CDlib is a Python library that allows network partition extraction, comparison, and evaluation. We designed it to be agnostic w.r.t. the data structure used to represent the network to be clustered: all the algorithms it implements accept interchangeably igraph/networkx objects.

Of course, such a choice comes with advantages as well as drawbacks. Here are the main ones you have to be aware of:

Advantages - Easy integration of existing/novel (python implementation of) CD algorithms; - Standardization of input and output; - Zero-configuration user interface (e.g., you do not have to reshape your data!)

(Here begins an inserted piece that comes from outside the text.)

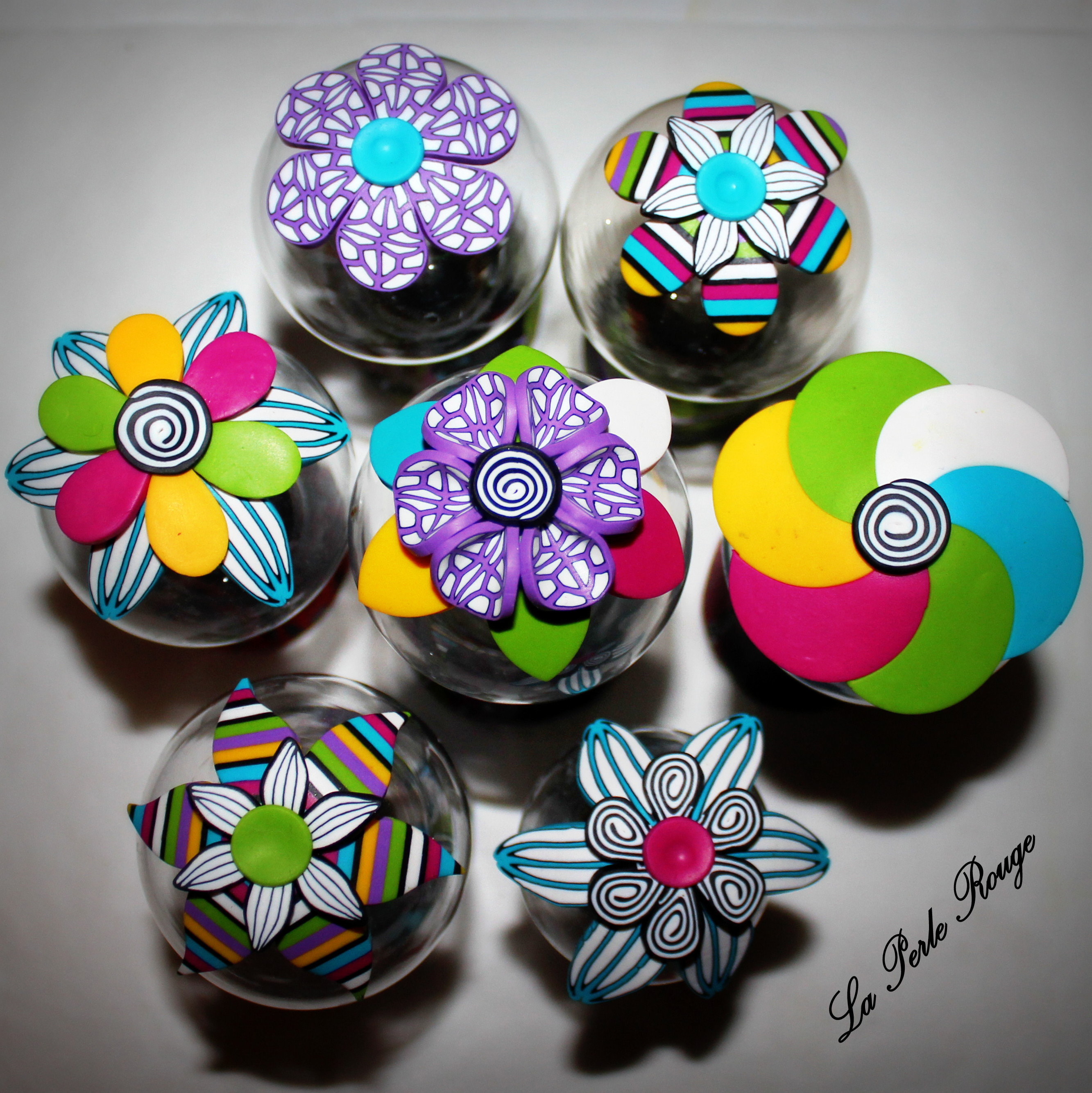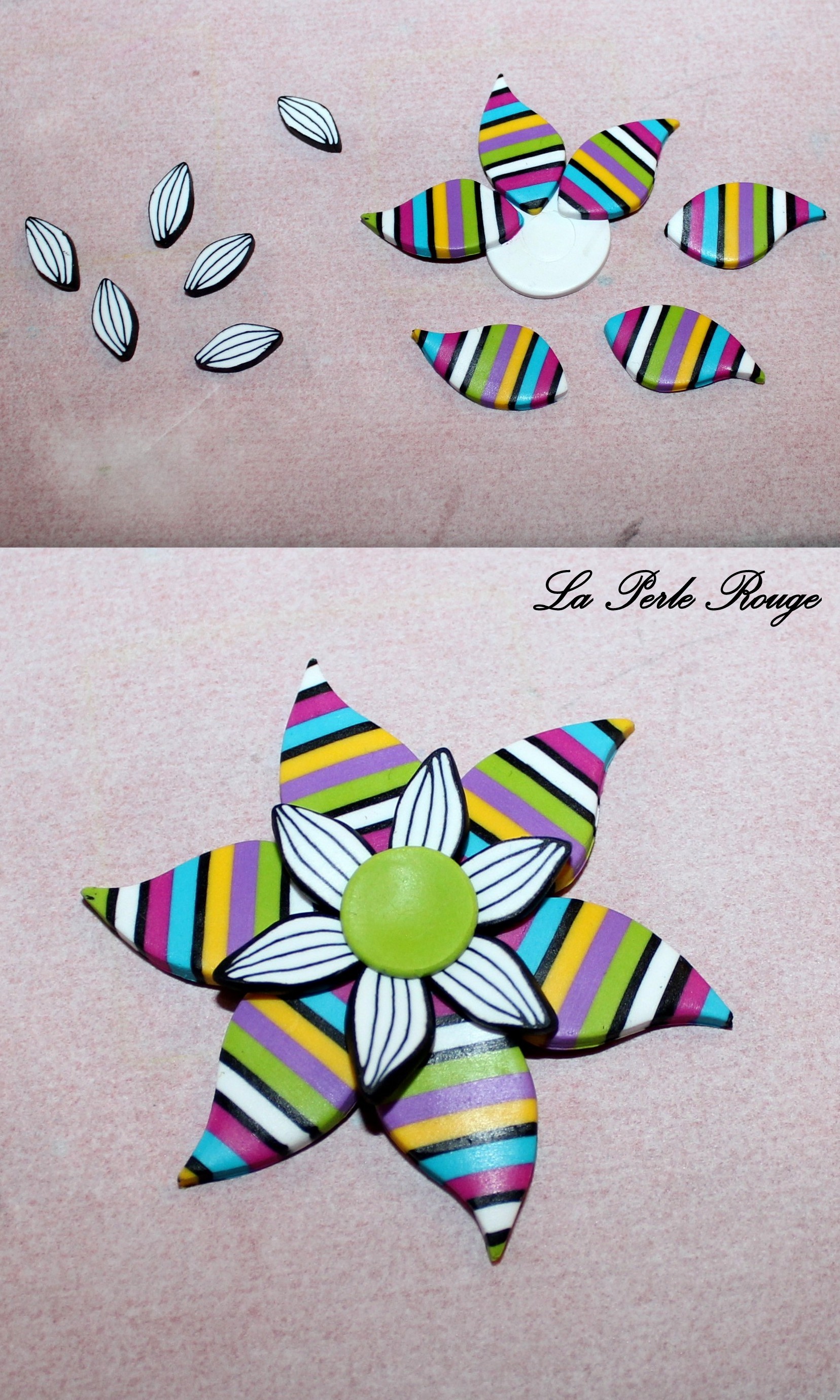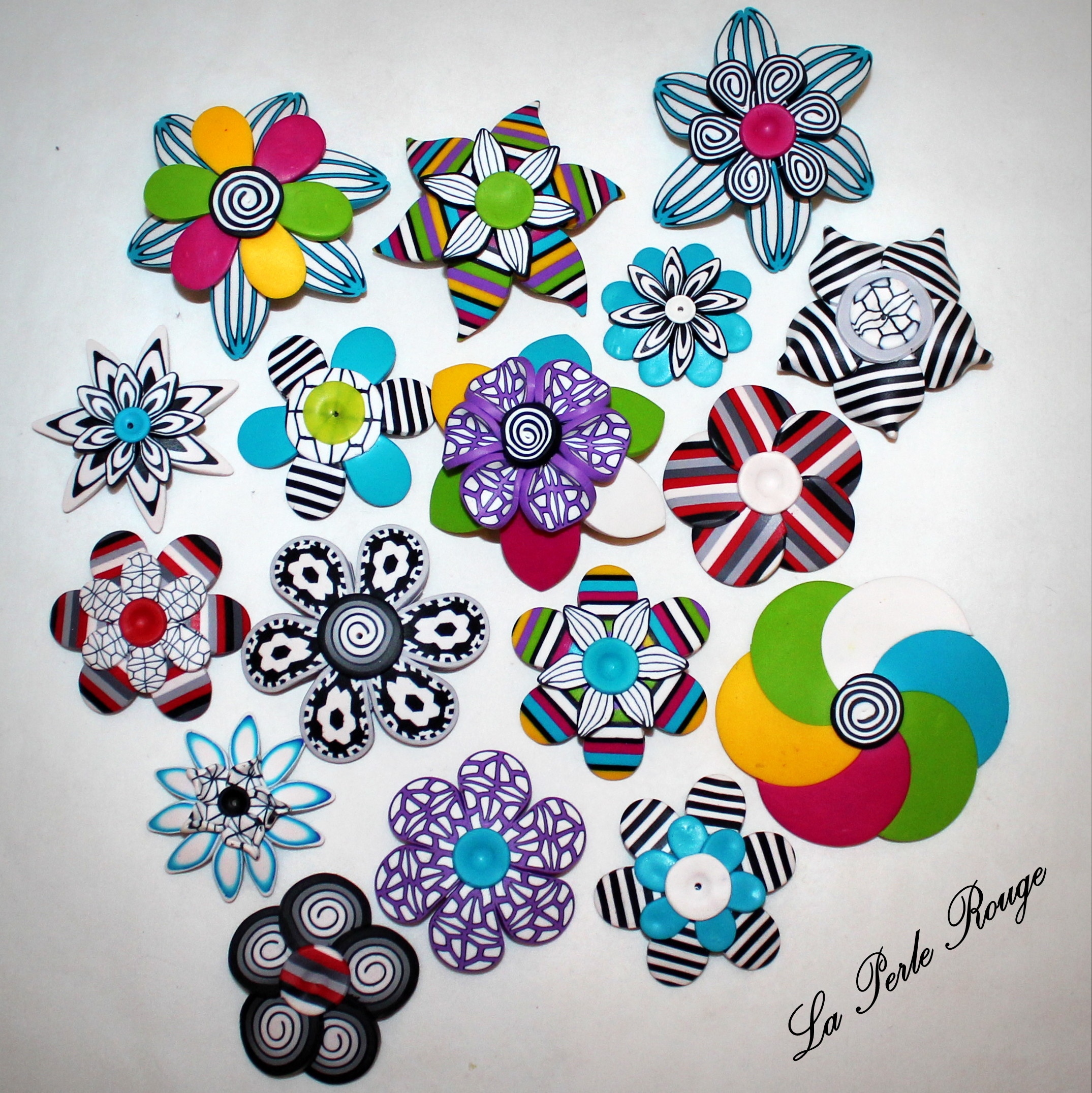 Voilà, je pense que vous avez à présent une bonne idée de ce qu’on peut réaliser à partir de canes très simples. Voici encore deux modèles et puis on va passer à la cuisson. ATTENTION si vous ne possédez pas de perceuse, pensez à percer maintenant vos fleurs en leur cœur. Le but est de percer un trou au moins aussi large que le diamètre du fil de décoration que vous allez passer dedans par la suite.

Drawbacks - Algorithm performances are not comparable (execution time, scalability… they all depend on how each algorithm was originally implemented); - Memory (in)efficiency: Depending by the type of structure each algorithm requires, memory consumption could be high; - Hidden transformation times: usually not a bottleneck, moving from a graph representation to another can take “some” time (usually linear in the graph size)

Most importantly, remember that i) each algorithm will be able to handle graphs up to a given size, and ii) that maximum size may vary greatly across the exposed algorithms.

Tutorial

Extracting communities using CDlib is easy as:

from cdlib import algorithms
import networkx as nx
G = nx.karate_club_graph()
coms = algorithms.louvain(G, weight='weight', resolution=1., randomize=False)

Of course, you can choose among all the algorithms available (taking care of specifying the correct parameters). As a result, you will get a Clustering object (or a more specific subclass).

Clustering objects exposes a set of methods to perform evaluation and comparisons. For instance, to get the partition modularity, write:

mod = coms.newman_girvan_modularity(g)

or, equivalently

from cdlib import evaluation
mod = evaluation.newman_girvan_modularity(g,communities)

Moreover, you can also visualize networks and communities, plot indicators, and similarity matrices… take a look at the module reference to get a few examples.

I know plain tutorials are overrated: if you want to explore CDlib functionalities, please start playing around with our interactive Google Colab Notebook !

FAQ

Q1. I developed a novel Community Discovery algorithm/evaluation/visual analytics method and would like to see it integrated into CDlib. What should I do?

A1. That is great! Just open an issue on the project GitHub briefly describing the method (provide a link to the paper where it was first introduced) and links to a Python implementation (if available). We will return to you soon to discuss the next steps.

Q2. Can you add method XXX to your library?

A2. It depends. Do you have a link to a Python implementation, or are you willing to help us implement it? If so, that is perfect. If not, everything is possible, but it will likely require some time.